The “pride of life” one is fairly easy to understand: the focus on one’s place in society or in the world. For me, anyway, it’s one of the easier ones to spot, although I think it’s possible to have the “pride of life” sin in reverse – have you ever met anyone who seemed to revel in how poorly they lived, how few possessions they lived with, or what a lowly lifestyle they maintained because they didn’t want to be “proud?”
Anyway, as I said: I’m not sure which of the three is Obama’s “Achilles’ heel,” but he surely has at least one. My gut feeling says that it’s the last, but I could be wrong. Now that I’ve read the Dodd analysis, I think it could be more of the second: ”the tendency to be captivated by the outward show of things without enquiring into their real values.”
I also did some additional reading over the weekend – it was kind of a bad weekend for reasons I’m not really sure about. You can read the whole thing here, but it was basically the whole Third-Culture Kid (TCK) thing – where I’ve been for the last 36 years. Here is the troubling quote:
“The answer to the question of how long it takes them [TCKs] to adjust to American life is: they never adjust. They adapt, they find niches, they take risks, they fail and pick themselves up again. They succeed in jobs they have created to fit their particular talents, they locate friends with whom they can share some of their interests, but they resist being encapsulated. Their camouflaged exteriors and understated ways of presenting themselves hide the rich inner lives, remarkable talents, and often strongly held contradictory opinions on the world at large and the world at hand.” [Emphasis added].
When you think about what we know (and don’t know) about this president, one thing we do know is that he was (is) a TCK – that leads to some serious questions about someone who is in essence a stealth president who is oriented toward camouflaging his true nature and hiding his “often strongly held contradictory opinions on the world at large and the world at hand.”
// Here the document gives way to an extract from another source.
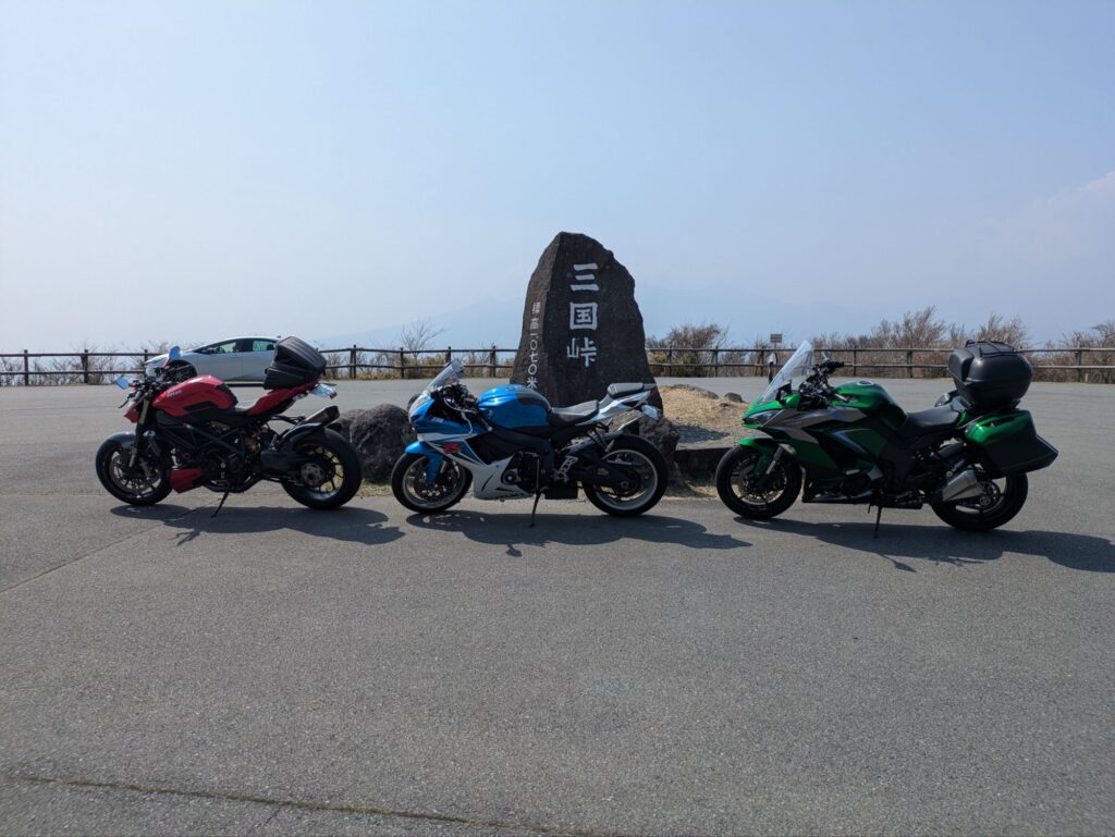 途中の三国峠で写真撮影。改めて写真を見ると、このメンバーでフルパニアninja1000はソロソロキツイのではないか?乗り換え考えたほうがいいのでは?と自問自答が始まる。

Before anyone takes me to task about being so against Obama, I had many of the same reservations about John McCain, who was born in Panama to (I think) military parents. His life seems to be much better documented, so there was more verifiable history on him than on Obama, but I had some of the same reservations, namely that he seems to be able to present whatever persona is required to allow him to fit in and succeed. All of us do that to some extent, and I know that with my own background, that is something I have to watch for.
But there is a different between a lack of practice or skill in being authentic and actively trying to keep one’s true nature and beliefs hidden from others.
Anyway, something to watch for in the coming months, I suspect.